River St. Joe presently distributes a small amount of its beer to a few area restaurants and markets and plans to grow its distribution with a measured approach. Ann Tuite says this reflects the brewery’s lean staffing as well as “our desire to work with businesses that exercise good quality control and share our commitment to sustainability.”
Seasonal Labor a Major Concern
As with many Michigan farms, maintaining an adequate labor force is a constant issue. “We’re still a relatively small operation, and the cost of labor is a big hurdle we have in trying to be profitable,” Fran Tuite admits. While the farm retains a small year-round staff for regular farm and brewery duties, field crews are hired for hop harvesting, which must be done by hand. In the past, Flatwater Farms was able to recruit foreign agricultural workers from area vineyards looking for more work, “but recent immigration issues at the Mexican border have made it difficult,” Fran says.
Cost is another factor: In 2023, the U.S. Department of Labor set compensation for foreign-born farm workers on H-2A visas at $17.34 an hour. In addition to the availability and cost issues, Flatwater Farms lacks adequate facilities to house foreign workers during its busy season.
Fortunately, the farm has found some success in recruiting local high school and college students looking for summer work.
Community-Supported Agriculture (CSA)
Community-Supported Agriculture connects producers and consumers within the food system by allowing the consumer to subscribe to a farm’s harvest. By mid-2023, Flatwater Farms had more than 50 CSA members in addition to several wholesale accounts.
The farm’s CSA season typically runs from late May until early November, and as the farm entered its third season in 2023, its USDA-certified organic fruits and vegetables included a wide variety of potatoes, tomatoes, winter squash, beans, peas, watermelons and radishes.
Building More Connections to Community
Along with its brewery and CSA activities, Flatwater Farms and River St. Joe are always looking for ways to play a vital role in the surrounding community. Visitors are welcome. “We encourage people to bring their kids and dogs,” Fran says. “We want to unite people with different opinions and get them talking to each other. Our mission is to be a welcoming place of conversations and connections.”
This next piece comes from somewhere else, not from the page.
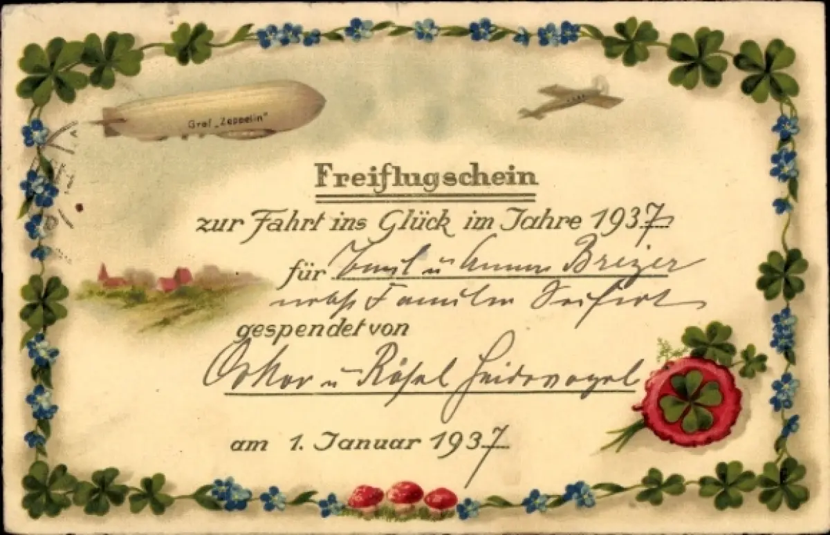 Ansichtskarte, Postkarte, Glückwunsch, Gratulation, Anerkennung, Luftschiff, Zeppelin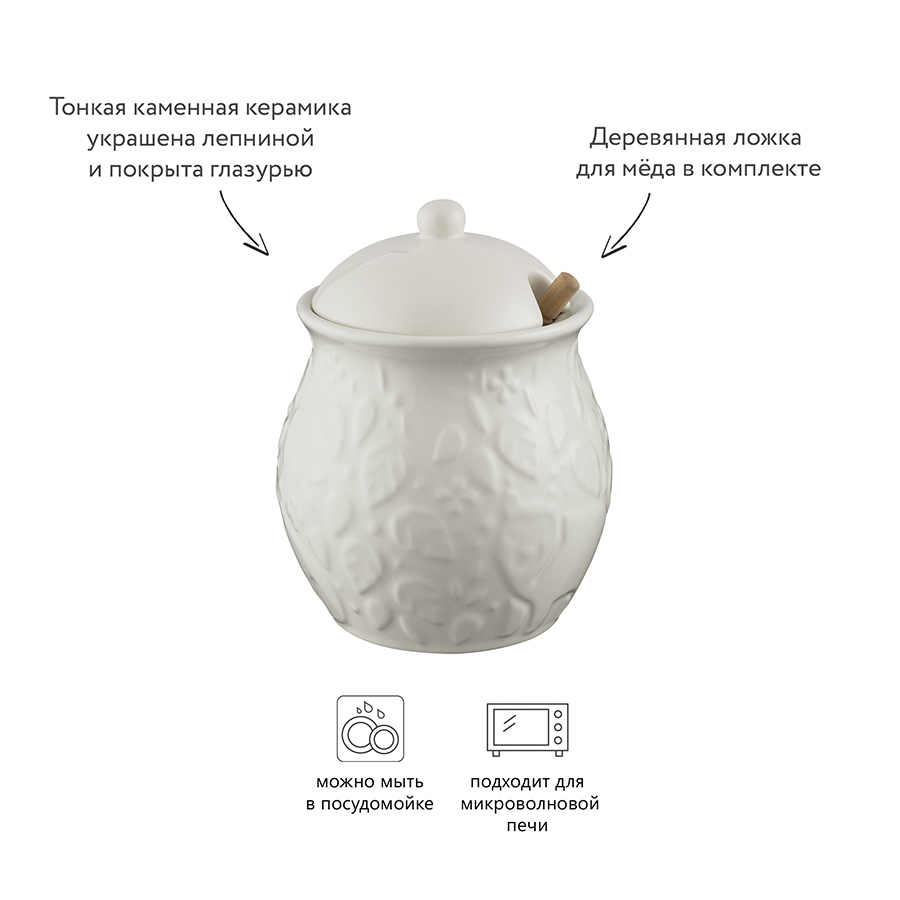 Емкость для меда In the Forest – удобный аксессуар, который гармонично впишется в интерьер любой современной кухни. Создавая посуду этой коллекции, дизайнеры вдохновлялись народными сказками середины XIX века. Изделие из тонкой каменной керамики покрыто высокопрочной глазурью, устойчивой к образованию царапин. В комплект входит удобная деревянная ложка. Емкость идеально подойдет для хранения и подачи меда, сиропа и патоки. Посуду можно мыть вручную или в посудомоечной машине.

Education is another important component. “Consumers don’t always understand why we are different,” Fran acknowledges. “Terms like ‘organic,’ ‘pasture-raised’ and ‘natural’ can be confusing. We need to do a better job of explaining it all.” Greenhouse classes are planned, along with other special events. At some point, a farm store will also be added.
In addition to its kid- and dog-friendly policy, Flatwater Farms has earned Bronze Certification as a Bicycle Friendly Business (BFB) by the League of American Bicyclists, representing another important constituency of health-conscious consumers. The farm and brewery also support a number of nonprofit initiatives including food banks, human rights organizations and substance abuse treatment programs. Fran further hopes to build closer ties among a growing group of organic farmers and related businesses in the area.
Meanwhile, there are signs that wildlife is returning to the former industrial green pepper farm. The beehives are thriving, more than 34 different bird species have been identified on the property, and the staff now has to mow some grassy areas to keep rabbits from nesting.
“It’s fun to walk the farm and see and hear nature coming back,” Fran Tuite says.